You: US, china, uk, russia...

Stranger: The permanent members yes

Stranger: Fair enough

Stranger: There are 15 overall

You: Okay

Stranger: No member of the U.N. Security Council has ever attacked another

Stranger: Since it's inception after WW2

You: Only their citizens.

Stranger: Their citizens?

Stranger: Example?

You: Every non-defense based action/law the state makes is aggressive.

You: There's just a veil of legitimacy over it.

You: If everybody was naked - it would look a lot differently to most people.
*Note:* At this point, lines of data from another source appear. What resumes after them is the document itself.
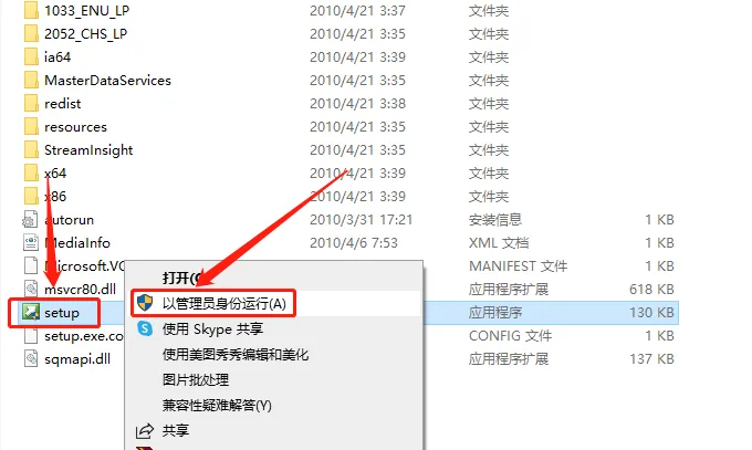 4.鼠标右击【setup】程序,选择【以管理员身份运行】。
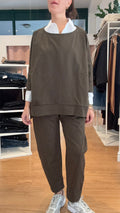 Cord-set Taglia Unica composto da maglia e pantalone modello carrot ; il completo ha una  vestibilità morbida;
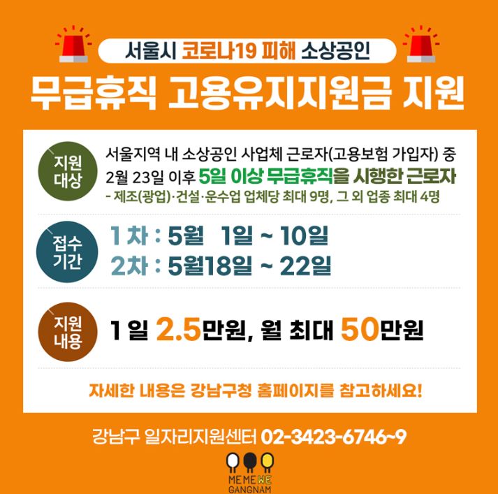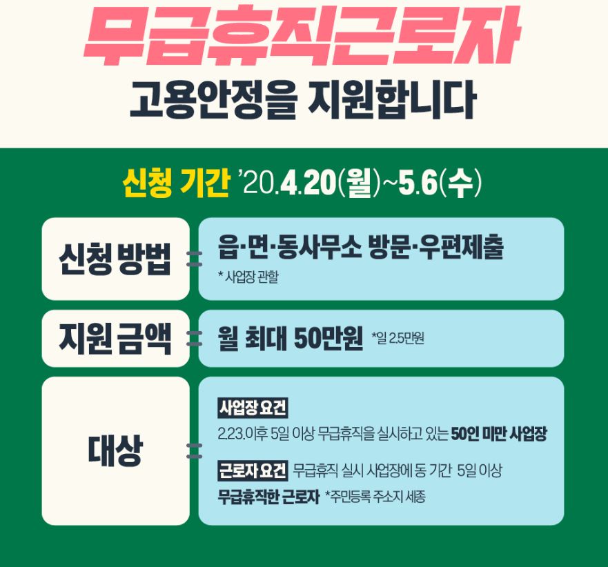 여기에 이번에 시행되는 무급휴직 신속지원 프로그램을 통해 기존 최소 유급휴직 1개월 이상 한 사업장에 대해 지원되던 무급휴직 지원금 시스템이 꼭 유급휴직을 하지 않더라도 무급휴직 즉시 무급휴직 지원금을 받을 수 있게 지원이 확대됩니다.
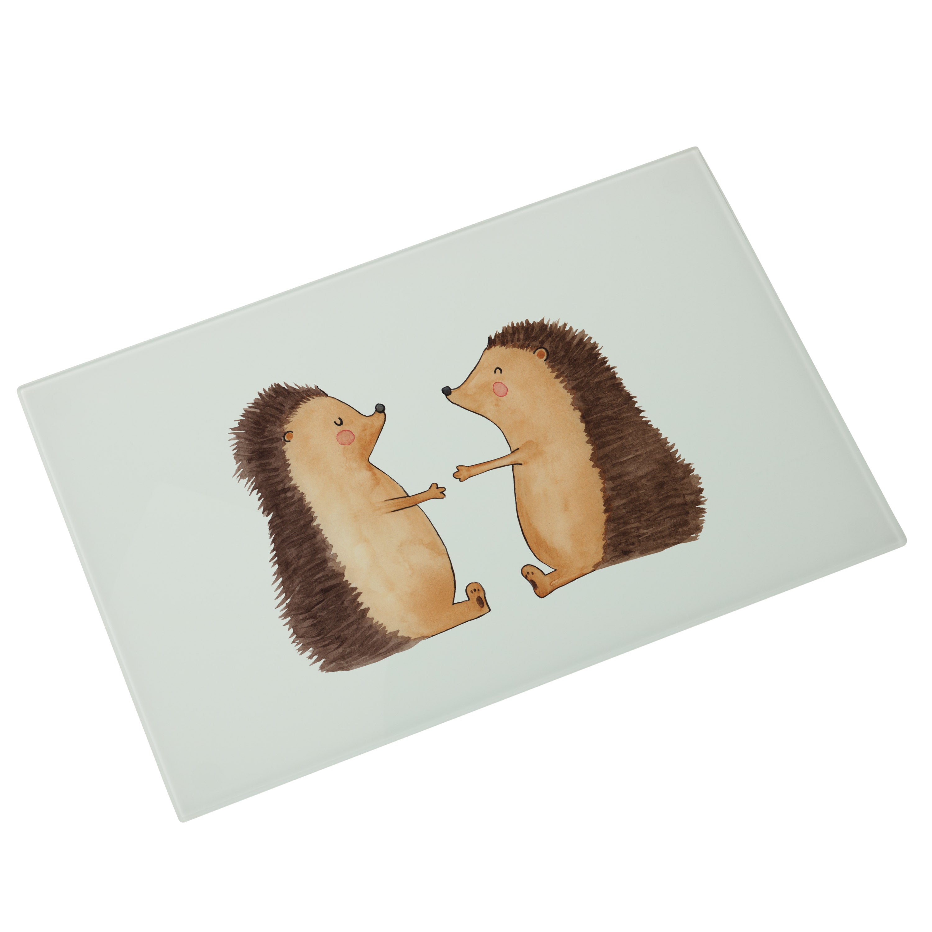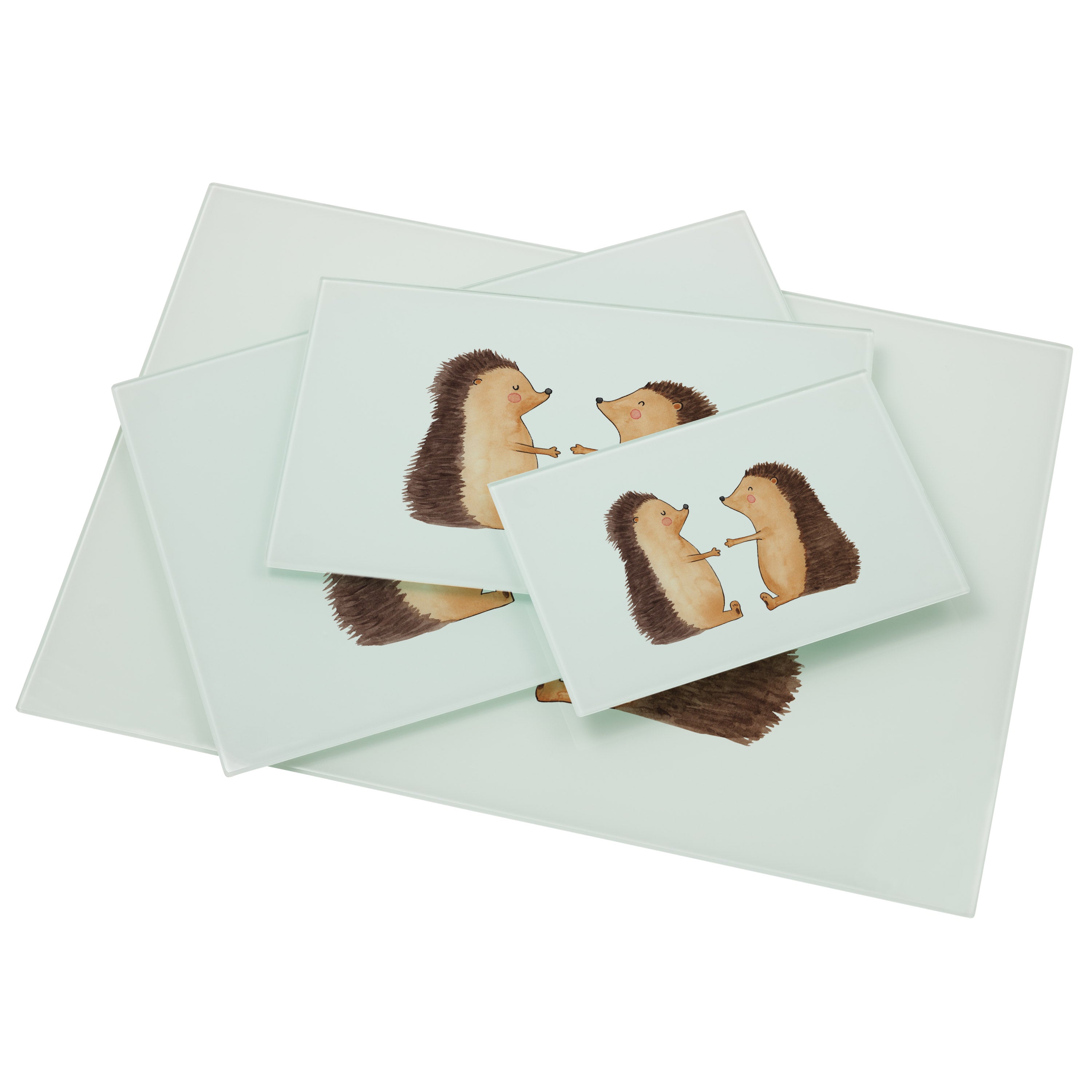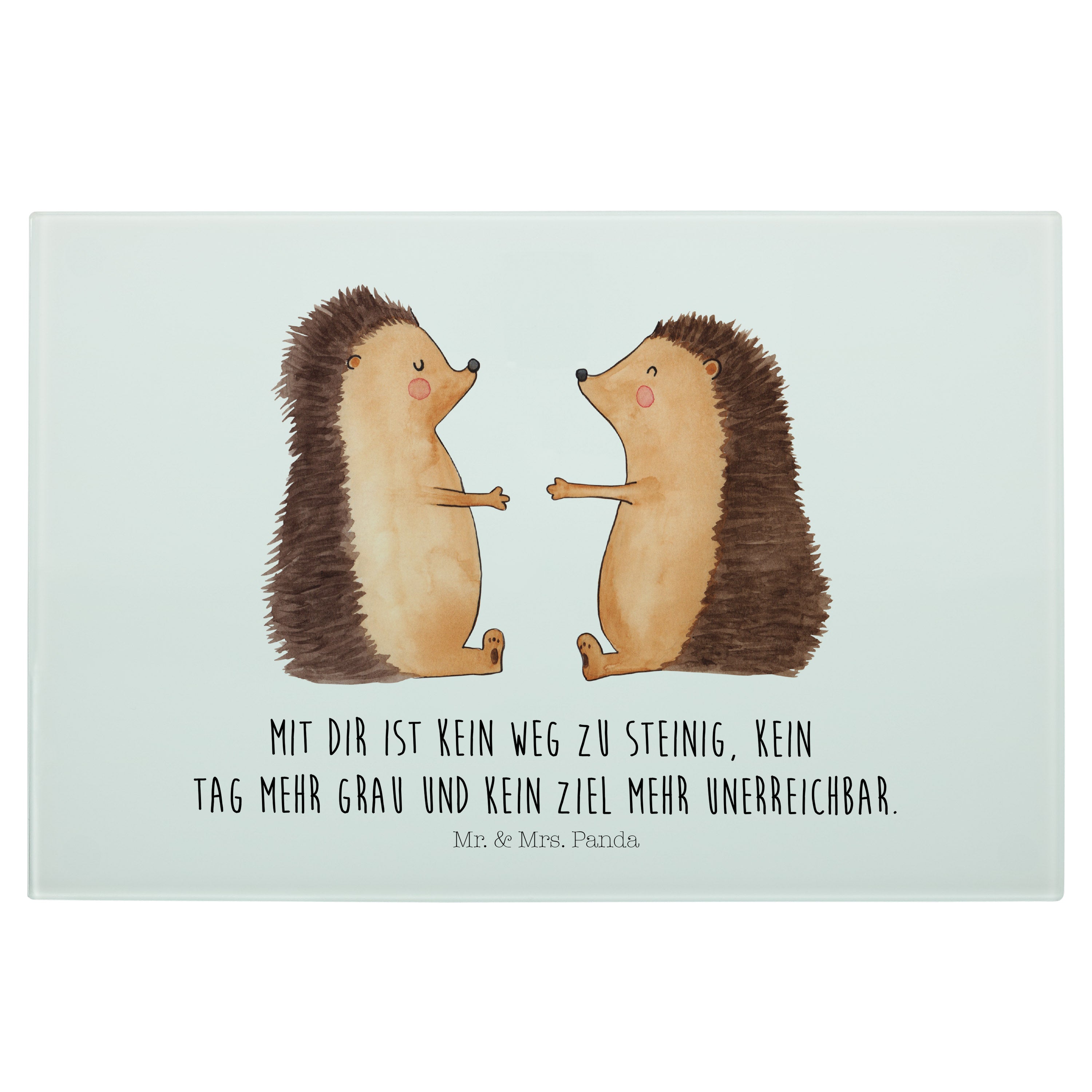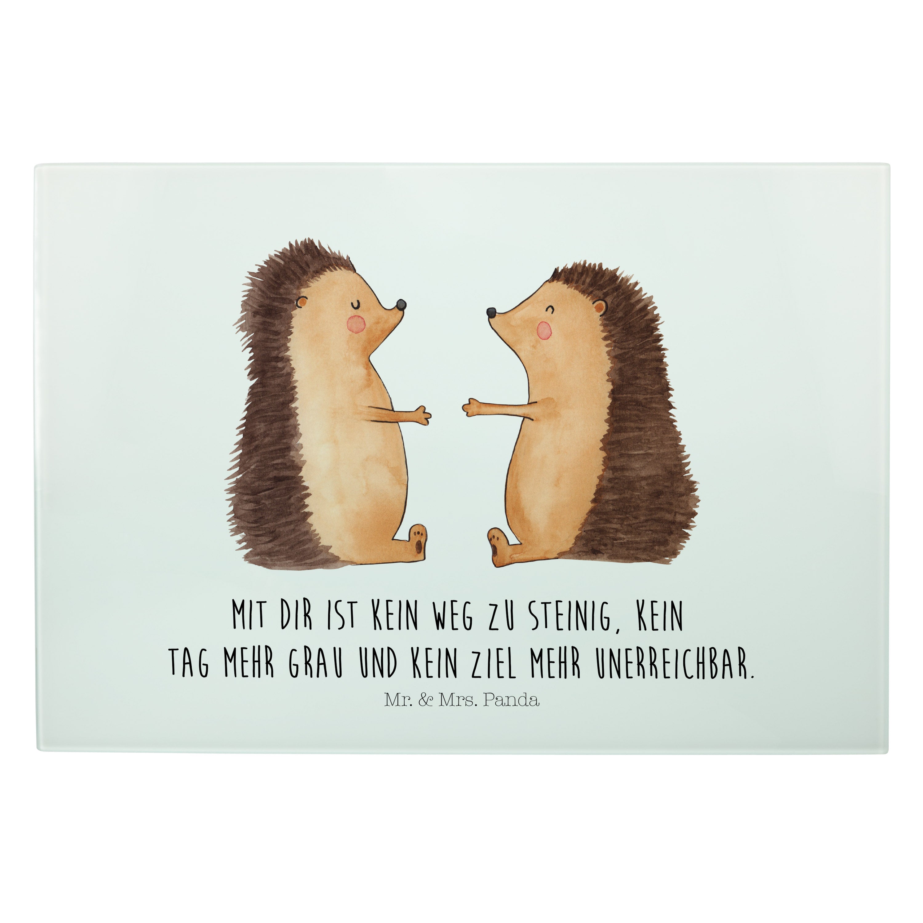 XL Glas Schneidbrett Igel Liebe - mit Spruch - Grau Pastell
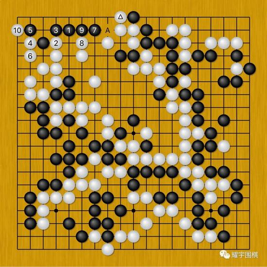 图6:黑167(黑三角一子)虽然很没面子的死在白阵里了,但是黑棋因此多了很多劫材。所以马晓春黑169一路扳的时候,聂卫平白174退让也是不得已。白174若是在A位打上去的话,由于左上黑三角一子处有个劫材库,所以黑在白174位开劫,白棋不行。

Stranger: Give me an example.

Stranger: Specific

You: Taxation enforcement. Drug enforcement. Truancy enforcement. Regulatory enforcement.

You: I can keep going.

Stranger: These are acts of violence?

Stranger: I see what you're saying

You: When you put a person in a cage against their will for a chunk of their life - yes, I do consider that violence.

Stranger: These are states enforcing laws

You: Right - and there's the linguistic veil of legitimacy.

Stranger: They are not acts of aggression between states

You: It's important to look at the physical actions taking place in reality.

You: Sure - but that's a semantic difference.

You: Peaceful people are having their natural rights violated.

Stranger: I don't know how you could compare a few people being extradited to a war between superpowers

You: It's all just people, is my point.

Stranger: I think we both know one would involve a lot more violence and casualties

You: Sure. But regardless, our country has essentially been in a eternal state of war for centuries.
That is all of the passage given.